Job location New York City, New York, United States

Job type: fulltime

Job industry: Government & Defence

Job description

Summary:

The Regulatory Affairs Manager ensures regulatory compliance of The Avon/LG H&H US cosmetic, OTC, dietary supplement, and device products from brief through launch in North America. Specifically, the Manager will assemble and review all product-related information including formulas, specifications, and quality/regulatory compliance documentation, and for approving claims, labeling, and advertising.

Communicate emerging regulations to key stakeholders and their impact on The Avon/ LG H&H US portfolio in NA.

This is a 6 months contract to hire role.

You will report to the Senior Manager, Quality, Safety and Regulatory Affairs.

Roles & Responsibilities:

Participate in project teams in assigned categories to ensure completion of appropriate documents during the development process through final formula approval and launch.

Maintain and ensure compliance with The Avon ingredient policies and appropriate product regulations.

Ensure claims are compliant with The Avon and local regulatory requirements and consistent across labels, advertising, and other consumer communications.

Review and approve NA artworks.

Responsible for US regulatory submissions, including FDA drug and establishment registrations, supplement notifications, WERCS and EPA and state pesticide registrations.

Assist monitoring US state and federal regulations impacting the cosmetic and personal care industry including OTC.

Support with upcoming changes in the regulations including any specific monitoring and implementation for states, e.g., California.

Minimum Qualifications:

Scientific degree.

Over 5 years of Regulatory Affairs experience within a regulated industry, preferably skin and personal care products including OTC.

Product development experience strongly preferred.

Skin and personal care including OTC claim review experience strongly preferred.

Track record adhering to compliance requirements (i.e. FDA, Health Canada, EPA, FTC, cGMP, ISO, etc.).

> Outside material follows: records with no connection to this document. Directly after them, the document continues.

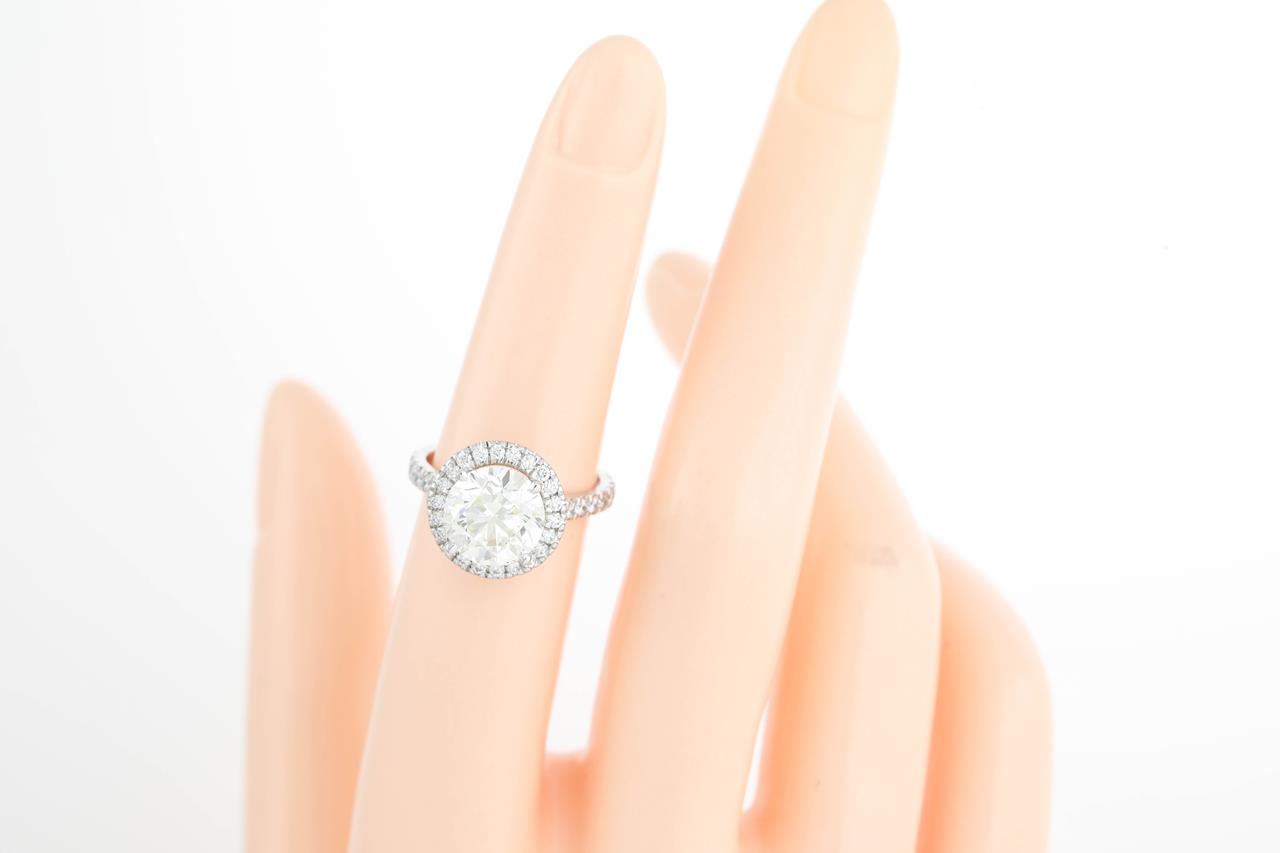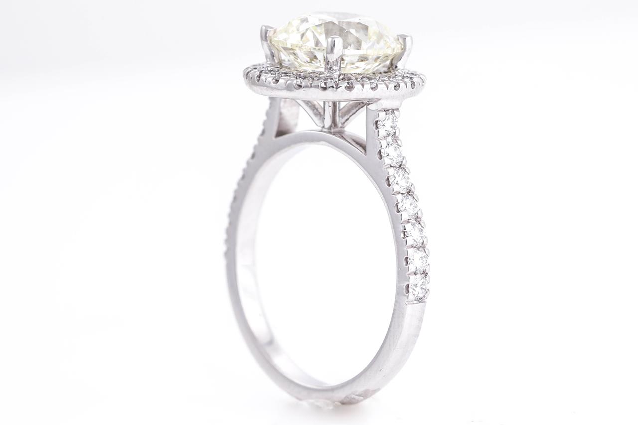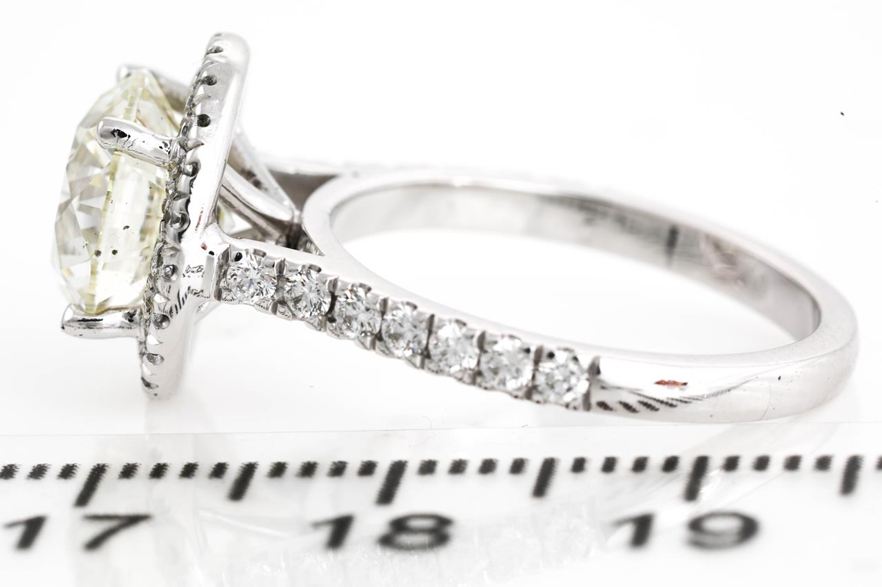 Diamond Halo ring with Round Brilliant cut Diamond of 3.01ct (with GIA report graded as M VS2 #21409150345) with surrounding Diamonds totalling 0.52cts (Estimated grading: G-H VS-SI). 18ct white gold. Ring size L. Weight: 5.1g (New)
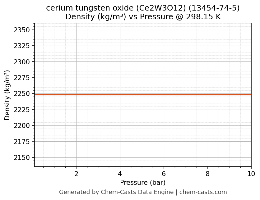 This page presents the pressure-dependent thermodynamic and transport properties of cerium tungsten oxide (Ce2W3O12) (CAS 13454-74-5) calculated at a constant temperature of 298 K (25 °C) over the pressure range 0.10-10 bar.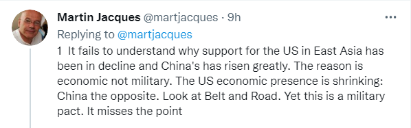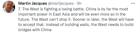 雅克在最后一条推文中总结观点:“西方正在打一场败仗。中国目前是东亚地区最重要的力量,未来更是如此。西方阻止不了。西方迟早要接受这一点。西方需要与中国架起桥梁,而不是筑起高墙。”↓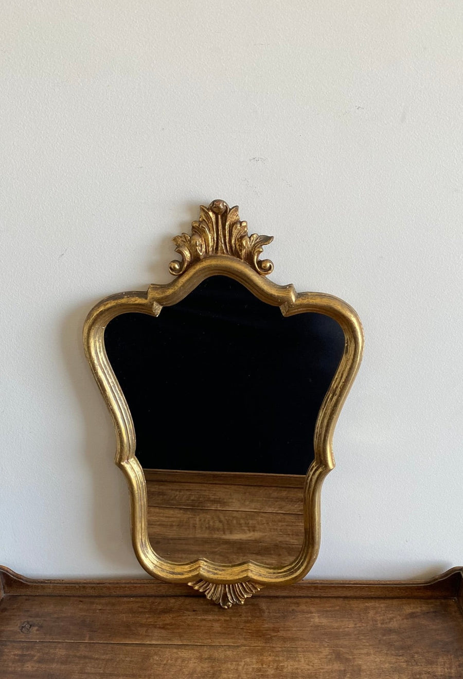 Beau miroir vintage léger, plein de charmantes imperfections avec son joli fronton style baroque travaillé.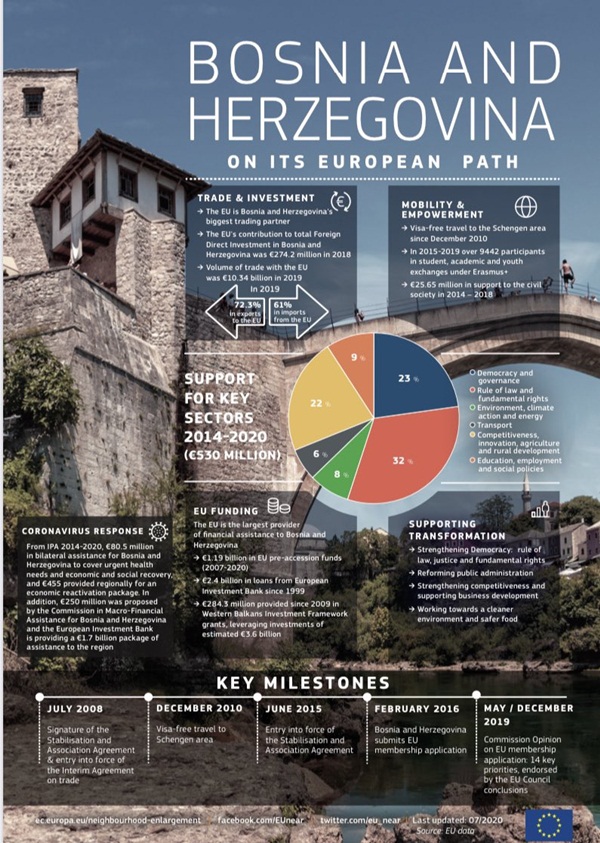 Kada je u pitanju evropski put BiH, Tegeltija je naglasio da je fokus rada Vijeća ministara, uprkos izazovima nastalim usljed posljedica pandemije koronavirusa, usmjeren ka perspektivi sticanja statusa kandidata i otvaranja pristupnih pregovora o članstvu u EU.

Strong written communication skills, especially detail oriented and technical material.

Experience communicating with cross-functional teams and customers including verbal presentations.

Ability to work effectively both independently and as part of a team.

Ability to meet deadlines while being flexible to changes in priorities and interruptions.

Excellent organizational and analytical skills to complete assignments accurately.

Full usability of MS Office suite (Excel, Word, Outlook, PowerPoint).

Inform a friend!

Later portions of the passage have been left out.